You guide amnesiac Conrad B. Hart in his quest to escape the planet Titan, and later foil the plans of an alien race plotting the destruction of humanity. Like Out of This World, this is achieved by navigating obstacles and puzzles via some very realistic and fluid rotoscoped animation, using polygons rather than the sprite method of the day for memory efficiency due to the sheer number of frames required for the fluid motion.

The reason I would like to concentrate on this decade+ old game is that a lot of the design related to the animation is still relevant today when creating games using 3D assets. For an example, just play any of the Tomb Raider series to see how similar the animation and level-design mechanics are to Flashback, with its standardized jump distances and set points for animation interruptibility.

Standardisation

First thing, this game is tight. The design is so strict and ordered that the character cannot even exist in positions between steps. This game follows set rules and the designers cannot break them, (a lot of which are dictated by the animations, so entrenched are the animations within the game design itself).

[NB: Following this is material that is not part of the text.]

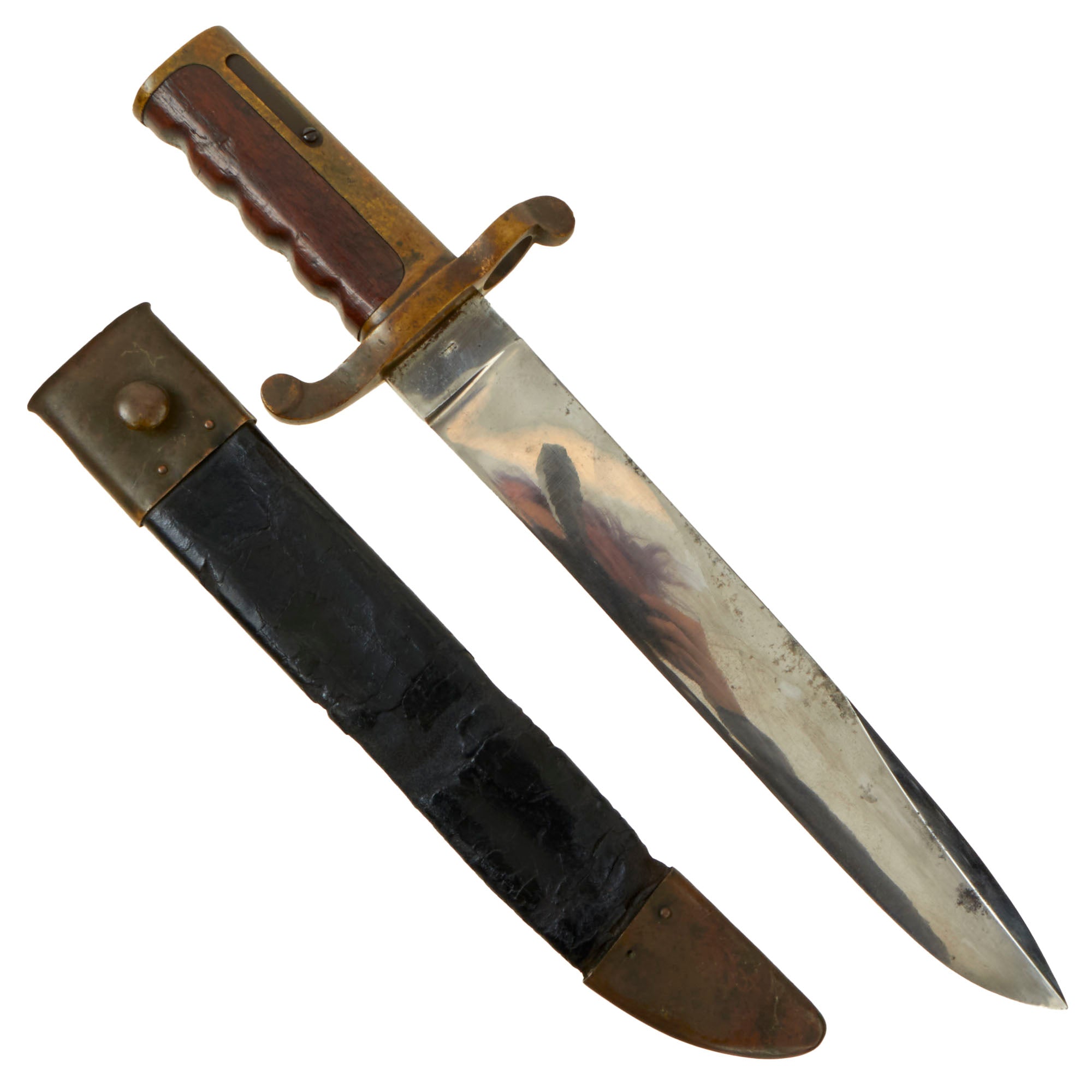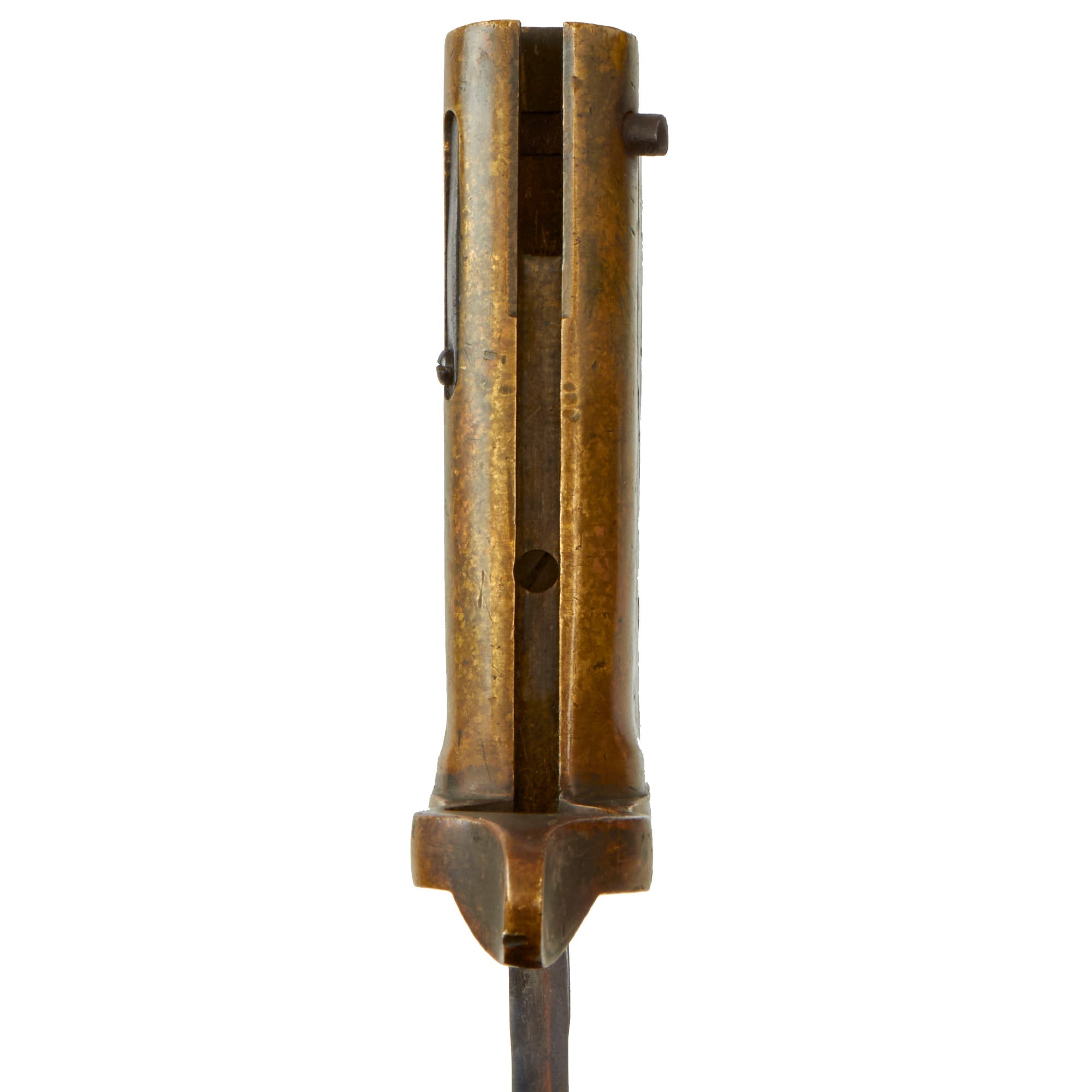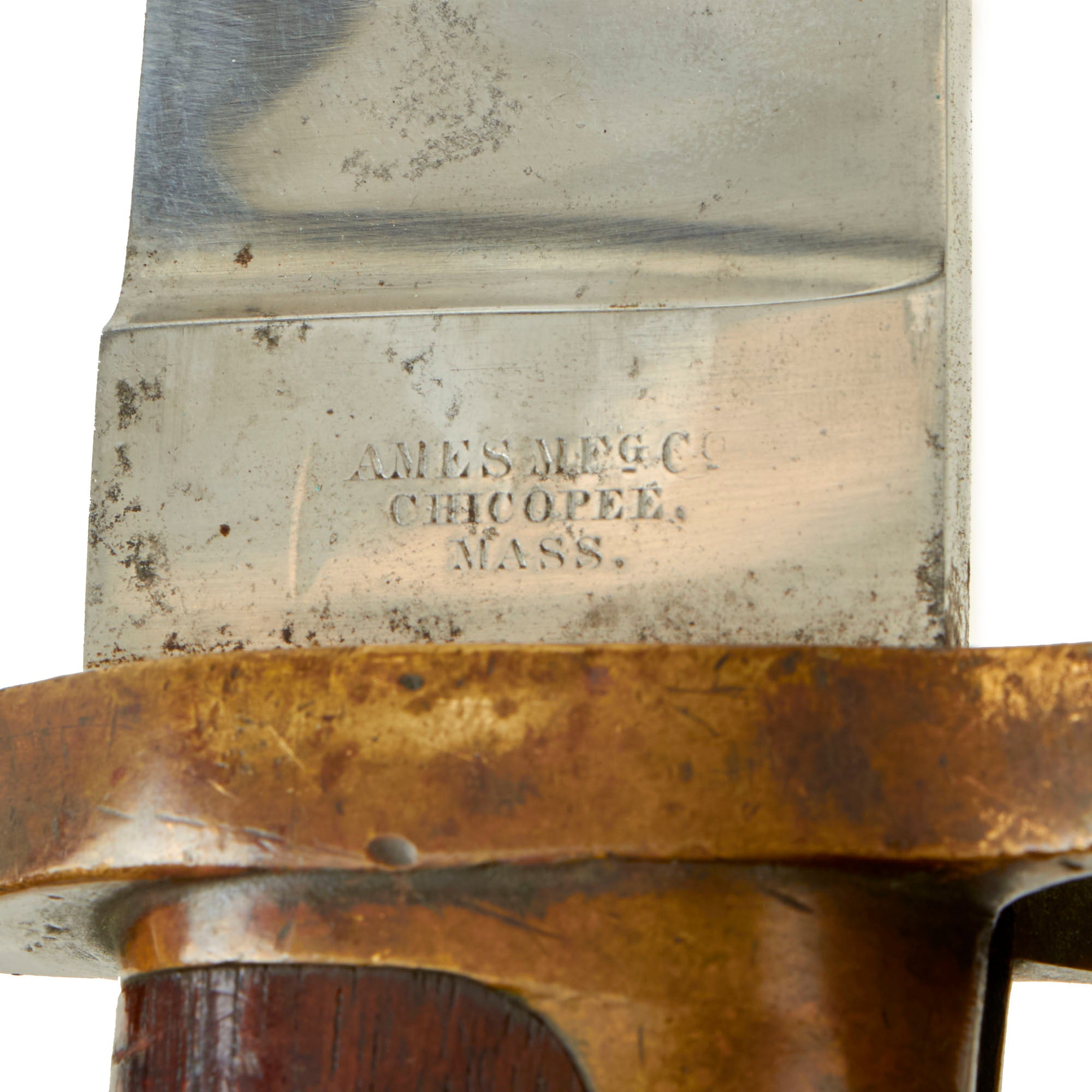 Original Item: Only One Available. Now this is a rare bayonet to come across! Designed in 1856 by U.S. Navy Admiral John A.B. Dahlgren for use aboard his ship, the USS Plymouth, this Ames-marked knife replaced the saber-style bayonet that was first issued with the Plymouth Whitney Rifle musket. The Dahlgren bowie knife bayonet is considered to be one of the best bayonet designs of the nineteenth century. First produced for the Navy by well-known arms maker Ames Manufacturing Co of Chicopee, Massachusetts in September 1861, this finely-crafted weapon features an unfullered, bowie-shaped spear point blade 11 ¾” long with a clipped point tip on the obverse side. Still quite sharp, the hefty, 3/8" thick steel blade is in excellent condition with just scattered areas of surface rust and pitting.

Below, is a screenshot of the opening scene from Flashback. This level in particular looks deceptively organic, but the level is in fact created according to a very rigid ruleset, that in turn standardises the animation distances. This game is an exercise in standardisation, and we shall look at how abiding by a set of rules and standards greatly helps to plan game mechanics as well as balance both character control and distances and speeds in relation to level and enemy NPC design.

FB1A

The second image displays the same screen again with the 2nd BG layer removed (which makes the PC appear to float on air), along with a grid overlay to show the 8×8 pixel tiles that make up the image. From this perspective it is easier to see distances in relation to these tiles. (N.B. Though the tiles appear to be placed in 8×8 sizes, they only have to be a multiple of 8 to fit). A typical 3D game may also be built with similar distance conventions, allowing the animator to easily assign distances to animations.

FB1B

We shall refer to the distance standards as units, though games today tend to be in real-world scales, often measured in cm. All the animations in Flashback conform to a unit measurement standard. As mentioned earlier, the character can only exist in certain places on the screen, as illustrated by the image below (Fig.3)

FB1C

Travel Distances

The locations are evenly spaced across the screen every 16 pixels, (or every 2 units). Moving the character triggers an animation that when completed always leaves the character standing in on of these pre-defined positions. A single step will only move him forward to the next position, whereas breaking from a walk or run can only happen after a certain portion of the animation has played, again leaving the character at one of these pre-defined positions only. Similarly, taking damage (the PC is knocked to the ground) forces the PC back into one of the pre-defined positions.

A few animations and their respective travel distances:

Single Step – 2 units
Standing Forward Jump – 8 units
Running Forward Jump – 12 units

Below is the Standing Forward Jump action, travelling a distance of 8 units.

Flashback Jump

Conclusion

Though a 2D game, the same methodology has been applied in 3D to good effect. Tomb Raider, Super Mario 64 all subscribe to this kind of standardisation of distances in relation to the player jump/run distances and speed. The real trick lies in hiding this standardisation from the player’s eyes via organic level design, avoiding obvious blocks and making distances vary slightly so the player is not always just avoiding fatal falls from jumps with nothing to spare.

The payoff from using a system such as this is that the effect of character control adjustments can be predicted and designed around, and universal changes to the level design can be avoided by standardising jump/climb heights early on in the project.